A total of 432 patients with PBC were studied in three double-blind placebo-controlled trials. Of these patients, 290 were treated with OCALIVA for at least 6 months, 232 were treated for at least 12 months, and 70 were treated for at least 2 years. There were 131 patients who received OCALIVA 10 mg once daily and 70 who received OCALIVA 5 mg once daily.

In Trial 1, 216 patients were randomized (1:1:1) to receive either:

• OCALIVA 10 mg once daily for the entire 12 months of the trial (n=73);
• OCALIVA titration (5 mg once daily for the initial 6 months, with the option to increase to 10 mg once daily for the last 6 months, in patients who were tolerating OCALIVA, but had ALP 1.67-times ULN or greater, and/or total bilirubin greater than ULN, or less than 15% ALP reduction) (n=70); or
• placebo (n=73).

During the trial, OCALIVA or placebo was administered in combination with UDCA in 93% of patients and as monotherapy in 7% of patients who were unable to tolerate UDCA. The overall discontinuation rate was 12% in the OCALIVA 10 mg arm, 10% in the OCALIVA titration arm, and 4% in the placebo arm.

The recommended starting dosage of OCALIVA is 5 mg orally once daily for 3 months with titration to 10 mg once daily based upon tolerability and response [see Dosage and Administration (2.1)]. Initiation of therapy with OCALIVA 10 mg once daily is not recommended due to an increased risk of pruritus.

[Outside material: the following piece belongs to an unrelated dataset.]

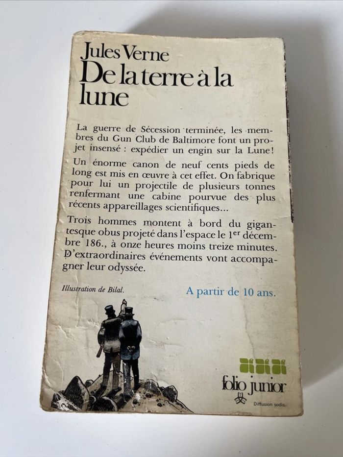 Livre Jules Verne - De La Terre À La Lune - Folio Junior Année 1977 Après la fin de la Guerre de Sécession, le Gun Club de Baltimore, club d'artilleurs, végète par manque d'activité. Son président, Impey Barbicane, propose très sérieusement d'envoyer un boulet de canon sur la Lune. Après plusieurs réunions, le Gun Club s'organise et lance une collecte de fonds en direction de toute la planète. Après avoir récolté l’argent nécessaire, le projet prend forme sous la forme d'un gigantesque canon d'une conception inspirée des Columbiad américains...

The most common adverse reactions in Trial 1 occurring in at least 5% of patients in either OCALIVA treatment arm and at an incidence at least 1% higher than the placebo treatment arm are shown in Table 1.

7.1 Bile Acid Binding Resins

Bile acid binding resins such as cholestyramine, colestipol, or colesevelam adsorb and reduce bile acid absorption and may reduce the absorption, systemic exposure, and efficacy of OCALIVA. If taking a bile acid binding resin, take OCALIVA at least 4 hours before or 4 hours after taking the bile acid binding resin, or at as great an interval as possible [see Dosage and Administration (2.4)].

7.2 Warfarin

The International Normalized Ratio (INR) decreased following coadministration of warfarin and OCALIVA [see Clinical Pharmacology (12.3)]. Monitor INR and adjust the dosage of warfarin, as needed, to maintain the target INR range when co-administering OCALIVA and warfarin.

7.3 CYP1A2 Substrates with Narrow Therapeutic Index

Obeticholic acid may increase the exposure to concomitant drugs that are CYP1A2 substrates [see Clinical Pharmacology (12.3)]. Therapeutic monitoring of CYP1A2 substrates with a narrow therapeutic index (e.g. theophylline and tizanidine) is recommended when co-administered with OCALIVA.